Construction is a great sector to work in (I’ll testify to that) but it makes stark reading to be reminded that despite making concerted efforts in this area, the industry has one of the highest rates of mental health issues. Given the vital impact the industry has on all our lives, it is crucial that the sector continues to focus on supporting and helping to improve mental health amongst colleagues as a priority.

Known for high workloads, tight deadlines and financial pressures there are a range of factors in the sector which make it a perfect breeding ground for stress and anxiety. These can be coupled with pressures outside of work for example with family or friends that can provide further sources of tension. It is not always the easiest of environments to speak up and start a conversation and say that you are struggling or confide in your colleagues that something is wrong.

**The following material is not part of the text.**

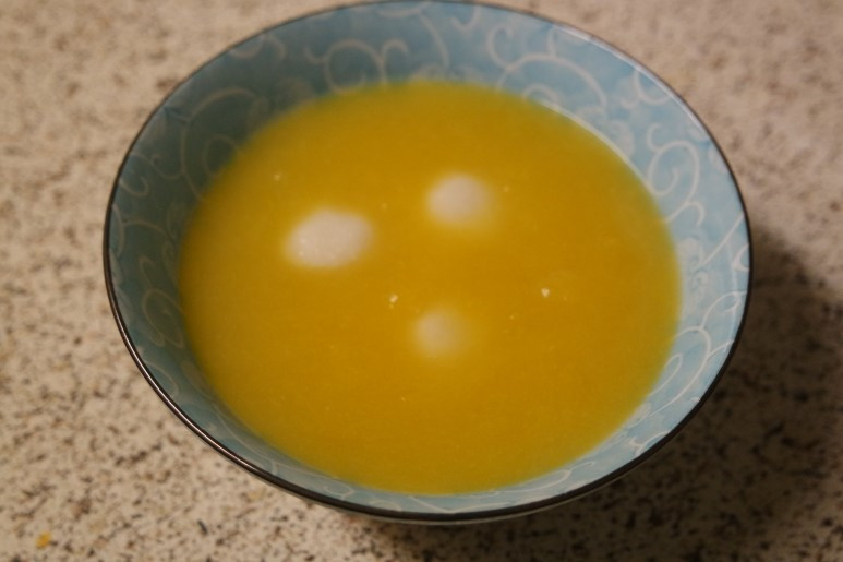 3. 으깬호박이 어느정도 끓으면 찹쌀물을 개어 풀어준 후 빠르게 저어준다. 잘 저어주지 않으면 찹쌀물이 뭉칠 수 있다.

Nonetheless, the sector is working hard to make it less daunting to speak up, so the emphasis is truly on ‘health and safety’ and not just safety.  Workplaces have a legal responsibility under the Health and Safety at Work Act 1974 and the Management of Health and Safety at Work Regulations 1999 to do all they reasonably can to support the health, safety, and wellbeing of their people. Yes, we still need to worry and consider the physical dangers on worksites, but we need to consider the mental impacts of the workplace in equal measure and how to best address these and create a supportive environment for our colleagues and friends.

Like our physical health, our mental health can fluctuate, impacting on our moods and behaviours. Unlike physical health issues, it can be harder to pinpoint and address causes of our personal struggles and challenges. The recent public health coronavirus crisis has given us all another challenge to navigate through. Helping people navigate through work has never been more necessary for organisations to address than it is now.

The first step is something all workplaces can do, and that is committing to making a difference. Not just saying it – but doing it. From here, organisations can begin to start creating, sourcing, sharing, developing resources and initiatives that can support their people, from the top to the bottom.

The construction industry is known for sharing best practice and learning from experience. Throughout this week we will be sharing ideas and initiatives from a range of different organisations. We’ve asked them how they are tackling mental health in their workplaces for their people. This is our chance to share and learn from each other, and we look forward to starting this conversation with you.